Artikel 52 Abs 2 dieser EU-Richtlinie gestattet es den Mitgliedstaaten, ein Verbot der Verrechnung von Zusatzgebühren dann innerstaatlich vorzusehen, wenn ua die Nutzung effizienter Zahlungsarten gefördert wird. T-Mobile hatte ua eingewendet, dass die Bezahlung per Zahlschein keine effiziente Zahlungsart sei, die iSd Richtlinie nicht gefördert werden dürfe. Freilich verrechnen Unternehmen häufig gerade deshalb Zahlscheingebühren, um die KonsumentInnen zur Bezahlung per Einzugsermächtigung hinzulocken. Wenn das Einzugsermächtigungsverfahren auch für Unternehmen die effizienteste Zahlungsart sein mag, kann nicht gesamtwirtschaftlich eine Abstufung der Zahlungsarten nach dem Grad ihrer Effizienz aufgestellt werden. Viele KonsumentInnen bezahlen ihre (Handy)Rechnungen bewusst per Zahlschein, da sie erst nach Überprüfung der Rechnung selbst bestimmen möchten, ob und in welcher Höhe die Zahlung erfolgen soll. Ist etwa das Konto nicht permanent hinreichend gedeckt, können bei Einzugsermächtigungen zudem teure Rücklastspesen und Mahnungen anfallen. Die Förderung von - für alle KonsumentInnen - effizienten Zahlungsarten wird daher gerade mit der österreichischen Regelung gefördert: Für keine Zahlungsart darf vom Zahlungsempfänger ein Zusatzentgelt verrechnet werden. 

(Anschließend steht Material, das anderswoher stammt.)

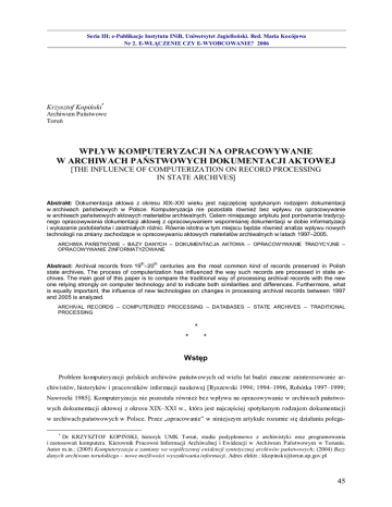 Seria III: e-Publikacje Instytutu INiB, Uniwersytet Jagielloński. Red. Maria Kocójowa Nr 2. E-WŁĄCZENIE CZY E-WYOBCOWANIE? 2006 Krzysztof Kopiński* Archiwum Państwowe Toruń WPŁYW KOMPUTERYZACJI NA OPRACOWYWANIE W ARCHIWACH PAŃSTWOWYCH DOKUMENTACJI AKTOWEJ [THE INFLUENCE OF COMPUTERIZATION ON RECORD PROCESSING IN STATE ARCHIVES] Abstrakt: Dokumentacja aktowa z okresu XIX–XXI wieku jest najczęściej spotykanym rodzajem dokumentacji w archiwach państwowych w Polsce. Komputeryzacja nie pozostała również bez wpływu na opracowywanie w archiwach państwowych aktowych materiałów archiwalnych. Celem niniejszego artykułu jest porównanie tradycyjnego opracowywania dokumentacji aktowej z opracowywaniem wspomnianej dokumentacji w dobie informatyzacji i wykazanie podobieństw i zaistniałych różnic. Równie istotna w tym miejscu będzie również analiza wpływu nowych technologii na zmiany zachodzące w opracowywaniu aktowych materiałów archiwalnych w latach 1997–2005. ARCHIWA PAŃSTWOWE – BAZY DANYCH – DOKUMENTACJA AKTOWA – OPRACOWYWANIE TRADYCYJNE – OPRACOWYWANIE ZINFORMATYZOWANE Abstract: Archival records from 19th–20th centuries are the most common kind of records preserved in Polish state archives. The process of computerization has influenced the way such records are processed in state archives. The main goal of this paper is to compare the traditional way of processing archival records with the new one relying strongly on computer technology and to indicate both similarities and differences. Furthermore, what is equally important, the influence of new technologies on changes in processing archival records between 1997 and 2005 is analyzed. ARCHIVAL RECORDS – COMPUTERIZED PROCESSING – DATABASES – STATE ARCHIVES – TRADITIONAL PROCESSING * * * Wstęp Problem komputeryzacji polskich archiwów państwowych od wielu lat budzi znaczne zainteresowanie archiwistów, historyków i pracowników informacji naukowej [Ryszewski 1994; 1994–1996, Robótka 1997–1999; Nawrocki 1985]. Komputeryzacja nie pozostała również bez wpływu na opracowywanie w archiwach państwowych dokumentacji aktowej z okresu XIX–XXI w., która jest najczęściej spotykanym rodzajem dokumentacji w archiwach państwowych w Polsce. Przez „opracowanie” w niniejszym artykule rozumie się działania polega* Dr KRZYSZTOF KOPIŃSKI, historyk UMK Toruń, studia podyplomowe z archiwistyki oraz programowania i zastosowań komputera. Kierownik Pracowni Informacji Archiwalnej i Ewidencji w Archiwum Państwowym w Toruniu. Autor m.in.: (2005) Komputeryzacja a zamiany we współczesnej ewidencji syntetycznej archiwów państwowych; (2004) Bazy danych archiwum toruńskiego – nowe możliwości wyszukiwania informacji. Adres elektr.: [email protected] 45 Seria III: e-Publikacje Instytutu INiB, Uniwersytet Jagielloński. Red. Maria Kocójowa Nr 2. E-WŁĄCZENIE CZY E-WYOBCOWANIE? 2006 jące na przygotowaniu materiałów archiwalnych zespołu do udostępnienia w zakresie podstawowym, czyli po ich uporządkowaniu i zinwentaryzowaniu [Robótka 2002, s. 74; Robótka, Ryszewski, Tomczak 1989, s. 53]. Celem artykułu jest też porównanie dotychczasowego tradycyjnego opracowywania dokumentacji aktowej z opracowywaniem zinformatyzowanym i wykazanie podobieństw i zaistniałych różnic. Równie istotna w tym miejscu będzie również analiza wpływu nowych technologii na zmiany zachodzące w opracowywaniu dokumentacji aktowej w latach 1997–2005. Tradycyjne opracowywanie dokumentacji aktowej Przygotowanie materiałów archiwalnych zespołu, w tym dokumentacji aktowej, do udostępniania w zakresie podstawowym wiąże się z postępowaniem metodycznym składającym się z kilku etapów: • studia wstępne, które obejmują zarówno badanie dziejów twórcy zespołu, jak i samych materiałów archiwalnych zespołu. Materiałów na ten temat archiwista poszukiwał w publikowanych przepisach prawnych, normatywach znajdujących się w samym zespole oraz w publikacjach naukowych. • wyodrębnienie lub scalenie zespołu, • wybór metody porządkowania i porządkowanie właściwe zespołu. Na to ostatnie składa się m.in. segregacja archiwaliów według serii i systematyzacja archiwaliów w seriach. Innymi ważnymi czynnościami związanymi z opracowaniem są: inwentaryzacja zespołu, czyli przygotowanie opisu na poziomie j.a. oraz sporządzenie wstępu do inwentarza. Wynikiem inwentaryzacji jest pomoc archiwalna nazywana inwentarzem archiwalnym [Robótka 2002, s. 74; Robótka, Ryszewski, Tomczak 1989, s. 53 n.]. Jedną z najczęściej spotykanych form inwentarza archiwalnego jest forma książkowa. Inwentarz książkowy określony przepisami z początku lat sześćdziesiątych minionego stulecia uzupełnionymi pismem okólnym z 1984 r. składał się z następujących części: karty tytułowej, spisu treści, wstępu i załączników do niego, i spisu akt usystematyzowanych w jednostki inwentarzowe [Tarakanowska; Rosowska 2001, nr 131, 183, zob. też inne szczegółowe przepisy metodyczne nr 202, 204 (zarządzenia); nr 178, 184, 190, 194 (pisma okólne)]. Przepisy precyzowały, iż inwentarz należy sporządzać dla każdego zespołu (zbioru) oddzielnie. Inwentarz książkowy należało poprzedzić zwięzłym wstępem zawierającym: dzieje ustrojowe urzędu, względnie dane dotyczące twórcy zbioru, dzieje zespołu (zbioru), charakterystykę archiwalną zespołu (zbioru), charakterystykę zawartości zespołu (zbioru), informacje o zastosowanej metodzie porządkowania i inwentaryzacji, zestawienie bibliografii. Wstęp do inwentarza książkowego nawiązywał więc do tego, co wypracował w latach pięćdziesiątych XX w. Kazimierz Konarski [Konarski 1952], a potwierdzały to chociażby przygotowane w okresie późniejszym przepisy [Tarakanowska; Rosowska 2001, nr 177]. Każdą jednostkę fizyczną zespołu należało opisywać w odrębnej pozycji inwentarzowej. Jednostka fizyczna była więc jednoznac

Durch das nunmehr eingeleitete Vorabentscheidungsverfahren wird die Klärung einer Frage, die für zahlreiche KonsumentInnen praktisch relevant ist, voraussichtlich um Monate, wenn nicht Jahre verzögert. 

Konsumentenschutzminister Hundstorfer appelliert daher an die Unternehmen, bis zu einer endgültigen Entscheidung das gesetzliche Verbot umzusetzen und auf die Verrechnung von Zahlscheingebühren zu verzichten. 

Folgen die Unternehmer diesem Appell nicht, dann bleibt Konsumenten ein kleiner Trost: Wenn sich das Verbot als rechtmäßig herausstellt, haben die Unternehmer zu Unrecht bezahlte Entgelte zurückzuzahlen - mit 4 Prozent Zinsen; das ist besser als derzeit Geld am Sparbuch (rund 2%).